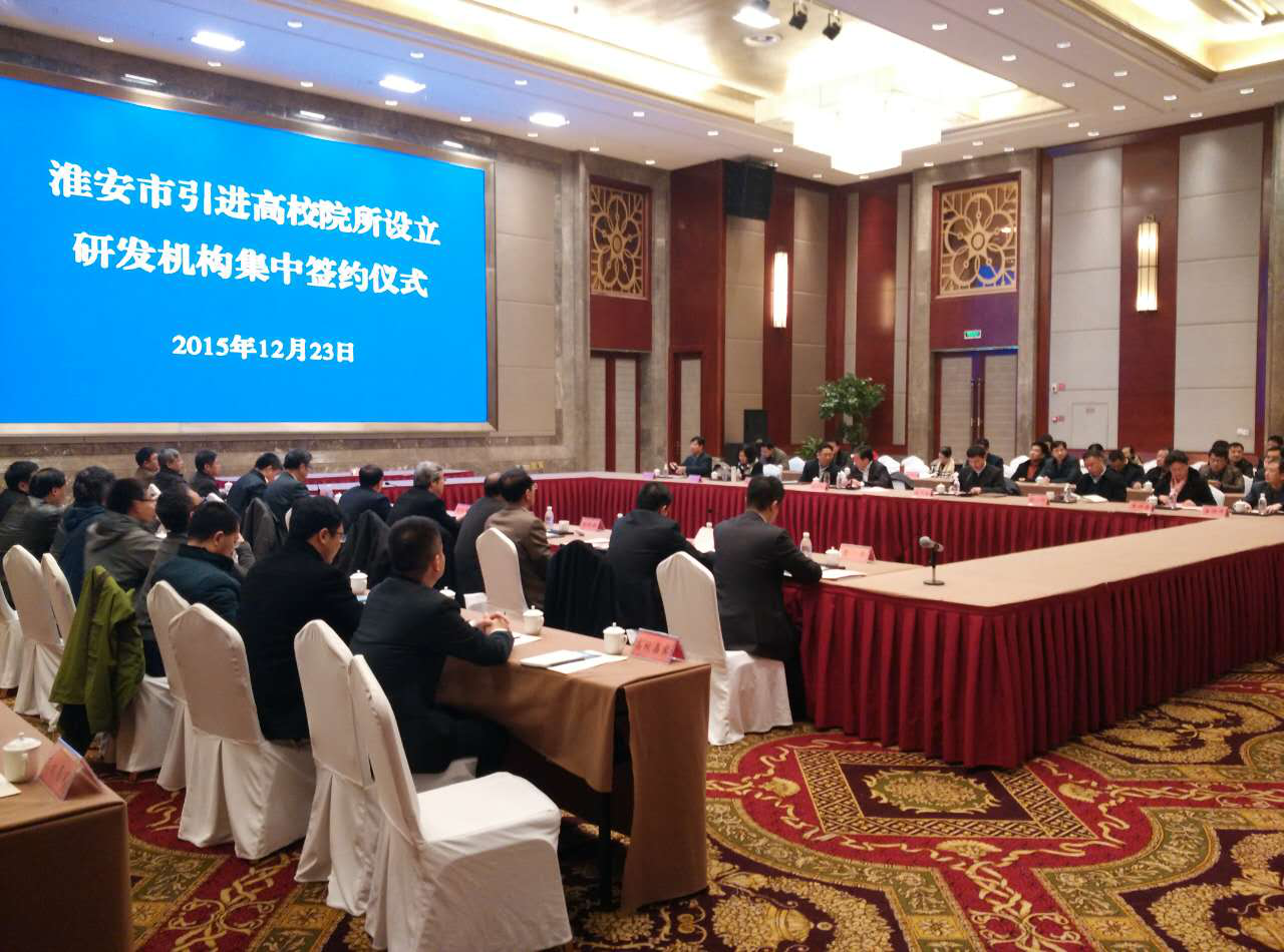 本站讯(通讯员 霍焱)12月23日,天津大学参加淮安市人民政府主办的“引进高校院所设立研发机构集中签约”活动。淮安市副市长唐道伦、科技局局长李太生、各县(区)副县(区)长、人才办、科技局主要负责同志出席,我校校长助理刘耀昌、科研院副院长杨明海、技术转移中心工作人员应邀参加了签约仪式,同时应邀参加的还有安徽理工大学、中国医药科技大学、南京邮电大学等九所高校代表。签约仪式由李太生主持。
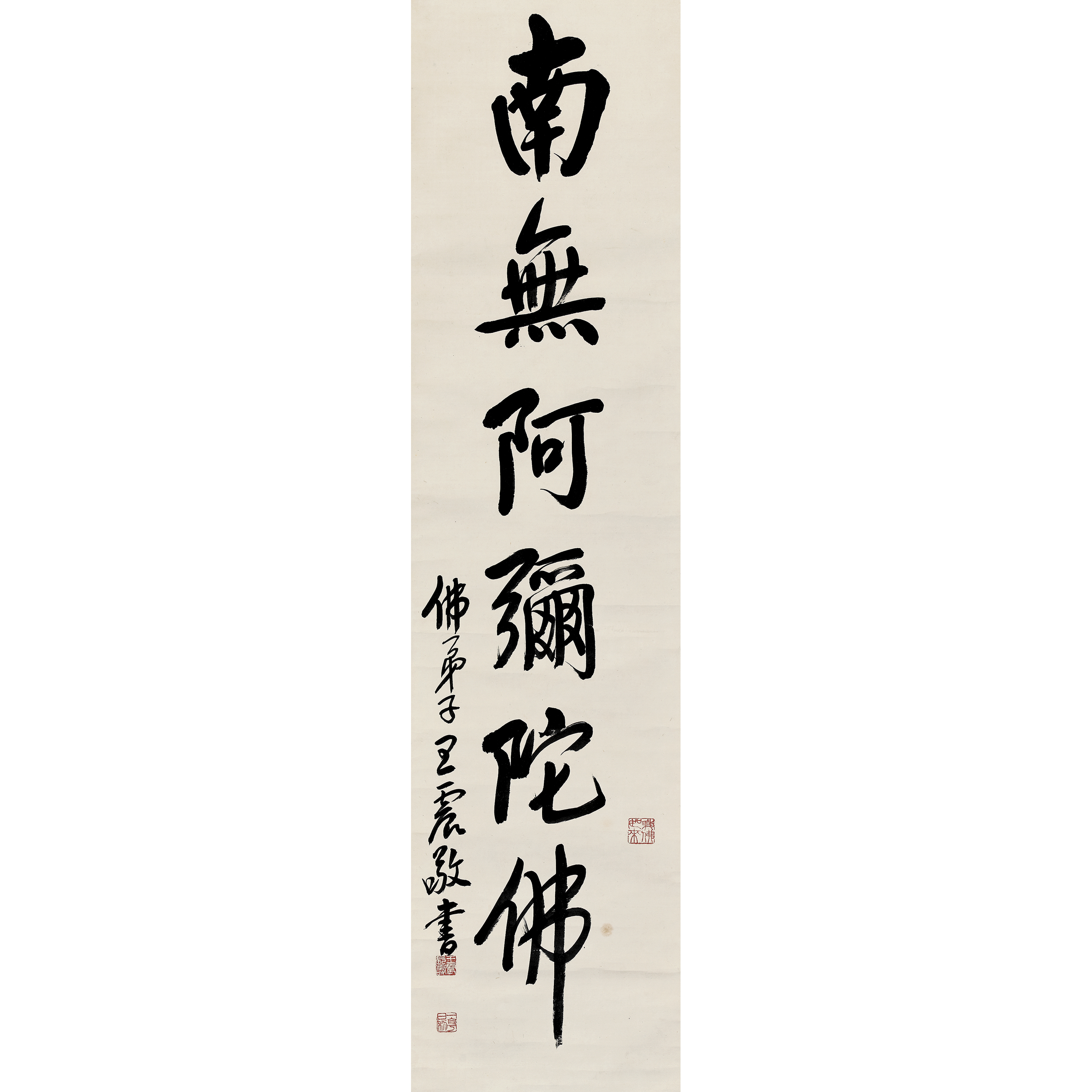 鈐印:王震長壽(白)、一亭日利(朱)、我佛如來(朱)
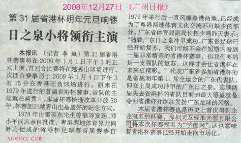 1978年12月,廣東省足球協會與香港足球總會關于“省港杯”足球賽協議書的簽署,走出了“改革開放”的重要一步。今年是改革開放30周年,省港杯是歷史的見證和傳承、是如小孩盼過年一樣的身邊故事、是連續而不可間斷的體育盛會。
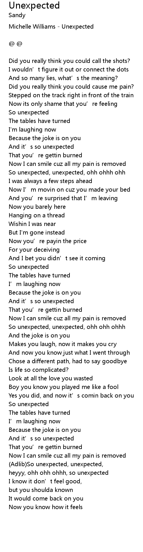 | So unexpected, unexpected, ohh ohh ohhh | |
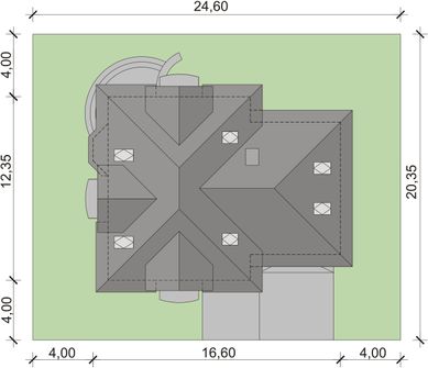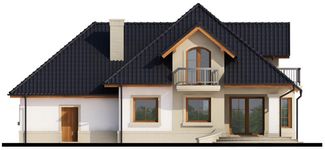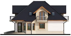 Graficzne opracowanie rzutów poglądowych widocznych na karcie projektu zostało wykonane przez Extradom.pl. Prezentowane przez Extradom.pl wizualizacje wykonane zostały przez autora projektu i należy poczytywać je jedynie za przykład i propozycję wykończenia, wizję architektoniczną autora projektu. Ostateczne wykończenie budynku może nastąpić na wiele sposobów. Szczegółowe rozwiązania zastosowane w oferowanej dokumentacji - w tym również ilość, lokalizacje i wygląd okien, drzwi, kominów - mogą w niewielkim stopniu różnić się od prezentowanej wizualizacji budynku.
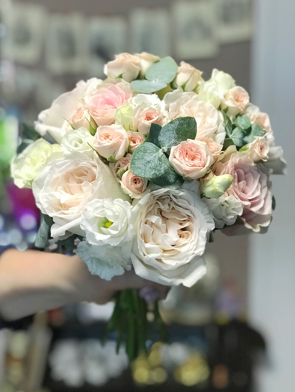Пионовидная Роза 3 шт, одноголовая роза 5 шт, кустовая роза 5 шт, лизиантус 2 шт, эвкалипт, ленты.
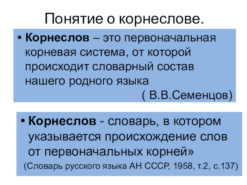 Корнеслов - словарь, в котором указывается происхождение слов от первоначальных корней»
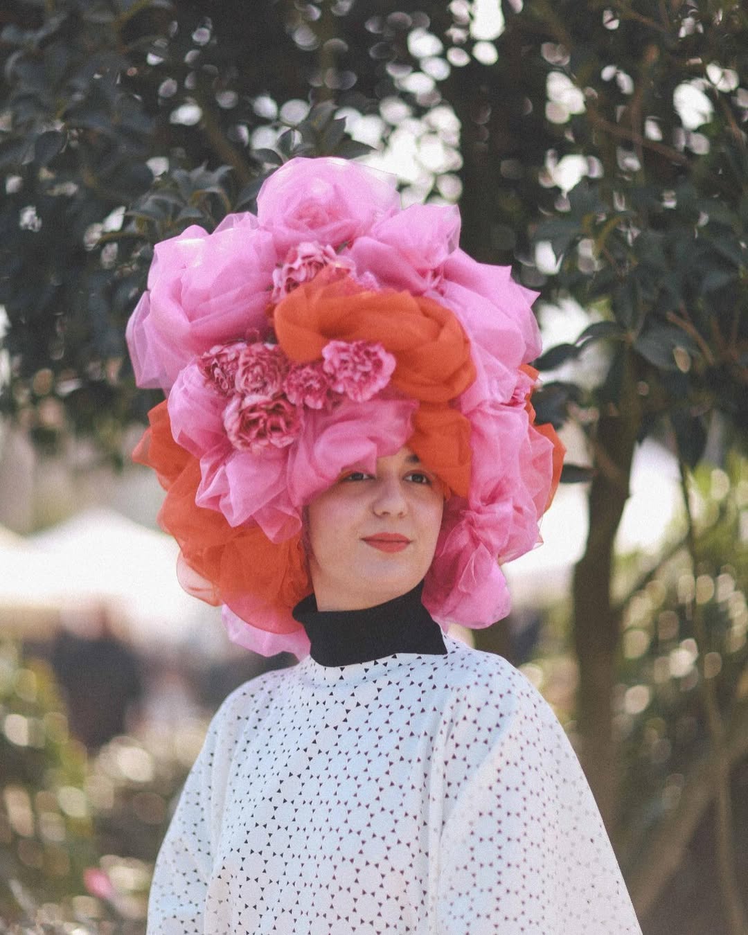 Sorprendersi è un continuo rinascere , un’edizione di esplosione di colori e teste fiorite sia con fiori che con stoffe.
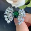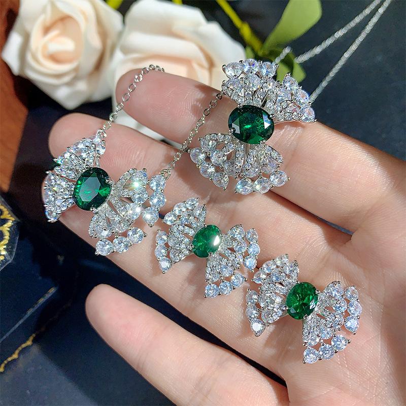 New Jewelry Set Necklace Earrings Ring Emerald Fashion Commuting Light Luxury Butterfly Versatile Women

--

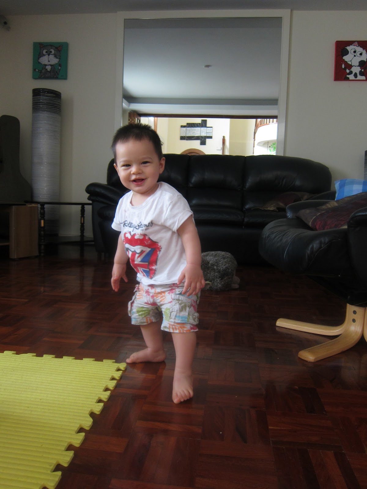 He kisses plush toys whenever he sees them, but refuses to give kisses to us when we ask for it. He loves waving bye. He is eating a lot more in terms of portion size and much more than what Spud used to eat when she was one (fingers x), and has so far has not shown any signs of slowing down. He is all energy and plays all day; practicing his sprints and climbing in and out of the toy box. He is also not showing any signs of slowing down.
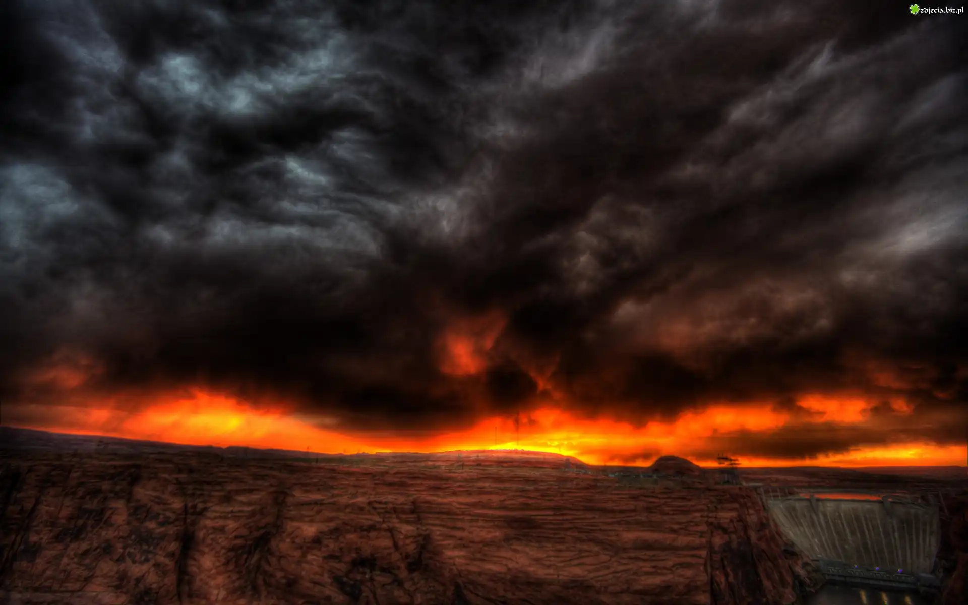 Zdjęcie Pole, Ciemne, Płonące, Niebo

---

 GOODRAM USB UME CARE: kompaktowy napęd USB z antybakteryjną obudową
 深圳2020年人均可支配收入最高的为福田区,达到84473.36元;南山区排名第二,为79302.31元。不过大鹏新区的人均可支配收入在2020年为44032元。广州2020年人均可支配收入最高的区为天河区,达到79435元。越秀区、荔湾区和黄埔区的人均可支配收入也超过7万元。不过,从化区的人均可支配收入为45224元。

**Problem:** Give back, exactly and without pictures, the stretch of the records above from the line containing "本站讯(通讯员 霍焱)12月" through the line containing "New Jewelry Set", with both end lines included.

**Result of this exercise:**
 本站讯(通讯员 霍焱)12月23日,天津大学参加淮安市人民政府主办的“引进高校院所设立研发机构集中签约”活动。淮安市副市长唐道伦、科技局局长李太生、各县(区)副县(区)长、人才办、科技局主要负责同志出席,我校校长助理刘耀昌、科研院副院长杨明海、技术转移中心工作人员应邀参加了签约仪式,同时应邀参加的还有安徽理工大学、中国医药科技大学、南京邮电大学等九所高校代表。签约仪式由李太生主持。
 鈐印:王震長壽(白)、一亭日利(朱)、我佛如來(朱)
 1978年12月,廣東省足球協會與香港足球總會關于“省港杯”足球賽協議書的簽署,走出了“改革開放”的重要一步。今年是改革開放30周年,省港杯是歷史的見證和傳承、是如小孩盼過年一樣的身邊故事、是連續而不可間斷的體育盛會。
 | So unexpected, unexpected, ohh ohh ohhh | |
 Graficzne opracowanie rzutów poglądowych widocznych na karcie projektu zostało wykonane przez Extradom.pl. Prezentowane przez Extradom.pl wizualizacje wykonane zostały przez autora projektu i należy poczytywać je jedynie za przykład i propozycję wykończenia, wizję architektoniczną autora projektu. Ostateczne wykończenie budynku może nastąpić na wiele sposobów. Szczegółowe rozwiązania zastosowane w oferowanej dokumentacji - w tym również ilość, lokalizacje i wygląd okien, drzwi, kominów - mogą w niewielkim stopniu różnić się od prezentowanej wizualizacji budynku.
Пионовидная Роза 3 шт, одноголовая роза 5 шт, кустовая роза 5 шт, лизиантус 2 шт, эвкалипт, ленты.
 Корнеслов - словарь, в котором указывается происхождение слов от первоначальных корней»
 Sorprendersi è un continuo rinascere , un’edizione di esplosione di colori e teste fiorite sia con fiori che con stoffe.
 New Jewelry Set Necklace Earrings Ring Emerald Fashion Commuting Light Luxury Butterfly Versatile Women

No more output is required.